So I just got off the phone with my mom and my sister. Being that they live together it's like killing two birds with one long-distance stone. Mom is getting her life on track since leaving her abusive husband and it's good to see her making such strides. She has her own business and spends a lot of time taking care of grandma. She seems to be very happy.
My sister is going through a divorce too. It's been interesting to sit back and observe the whole process and I have to admit, it's comical at times. My soon to be ex-stepfather is vindictive. Mom's left him several times (but always went back) and this time she's standing firm and it is making him crazy. He tells twisted stories to anyone who will listen about how HE is the victim here. Then there's my soon to be ex-brother-in-law. He's just sad. Clueless, sad. He thinks that he can be vindictive but it always backfires on him. He tries to be the James Bond type but ends up coming off like Barney Fife. Sad, really.
Now during all this divorce-procedings hoopla, my sister found a boyfriend. Not just any boyfriend, mind you, but my husband's best friend. Ex-best friend now, thank you very much. I was against this from the get-go. I let everyone know - including the couple themselves - that I was against it. I was accused of being jealous, I was accused of clearly having feelings for this man and I was accused of just being a witch. Here's the thing...growing up, my sister and I were not close. We fought over everything. Whenever I had a friend over, she made sure that the friend hung out with her and then they'd both sit there and ignore or make fun of me. So even as an adult, this memory comes vividly to life whenever I let my friends and family mix. I try not to let it happen often - if ever.
So now they're dating and at first I was concerned for him because my sister is not the faithful type. Frank and I both agreed that we did not want our friend hurt. We shared this with him and what does he do? He goes back and shares our conversation with my sister! Creep. This went on for a while without our knowing it, but having mom on the inside, she hears things, and she shares them with me. So we learn to keep our mouths shut and not speak to this sneaky SOB and we learn - again through mom - that he is a moocher. You know, doesn't pay for a darn thing. My sister has money and she works hard for it with her catering business. Now I'm concerned for my sister because I don't like to think of this man taking advantage of her. He has nothing. He's a med-school student who is separated from his wife and living with his mom. Loser is the word that comes to mind...But anyway, this relationship caused problems between me and Frank because he couldn't understand why it bothered me so, and then it caused problems between us and HIM because we realized that he's a two-faced liar, and finally it caused problems between me and my sister because I could not stand to even hear about this ridiculous relationship!

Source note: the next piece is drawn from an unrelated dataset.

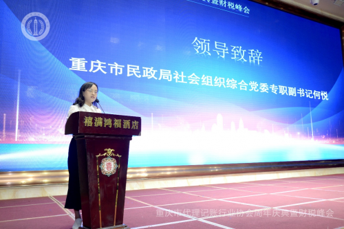 重庆市民政局社会组织综合党委专职副书记何悦发表致辞,同时对协会发展进行了新的思想指导,希望重庆市代理记账行业协会能够积极保持正确的政治方向,自觉跟党走,加强自身建设,完善内部治理制度,健全法人治理结构,成为权责明确运转协调制衡有效的法人主体。

Long story short, we finally hashed things out about a month ago. And I mean HASHED. I spared no one's feelings and really let it all out about how I felt about her, her faithfulness to people, her treatment of me our whole lives and the fact that this man is a liar. Ninety minutes later it was as if a rock had been lifted from my shoulders and I felt almost giddy.

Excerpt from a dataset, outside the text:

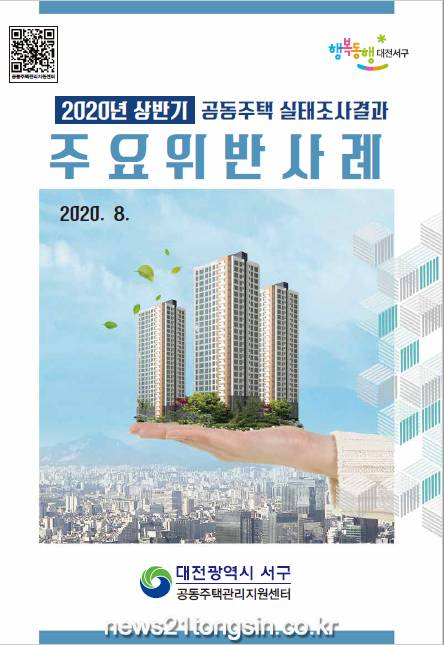대전 서구(구청장 장종태)는 공동주택관리의 투명성 제고와 효율화를 위해 관내 공동주택에 대한 실태조사를 하고 주요 위반사례를 모아 사례집을 발간했다고 23일 밝혔다.

Those of you who know me may ask, "Why bring this all up again? It's old news." Yes it is but lately, I let her talk about their "love" and how wonderful it all is and I know that by this time next year, they will be living together and planning a wedding. The thought of it still gives me the willies. I told her that I won't trip her or yell out anything inappropriate on their wedding day but the truth of the matter is, it's not something that I have any intention of going to. I didn't go to her second wedding, why bother with the third? How many weddings are really necessary? I have no intention of buying a bridesmaid dress and I think that after a while, it's kind of nervy to keep asking people to come to your weddings. How many gravy boats do you need??? While we were talking tonight she was waxing poetic about the relationship and I even stopped making gagging noises (I'm growing) when she speaks. Is it possible to be happy for someone without being involved? I mean, if she is happy with this mooching liar, more power to her. Do I need to hang out with them? Not so much. I mourn the loss of a friendship that we had with this man for 18 years. It really has given my husband yet another reason to dislike my family. We don't talk about it much anymore, but it's still there. I guess when we have to see them - if and when we go up to NY again - it will sort of be like that creepy uncle that you always try to stay away from. You know he's going to be there and you make sure that you are well-surrounded all the time, do the polite thing and move on. Kind of a sad way of viewing a family visit, but you still need to be prepared.
Anyone have a brother-in-law or sister-in-law that you wish you weren't related to?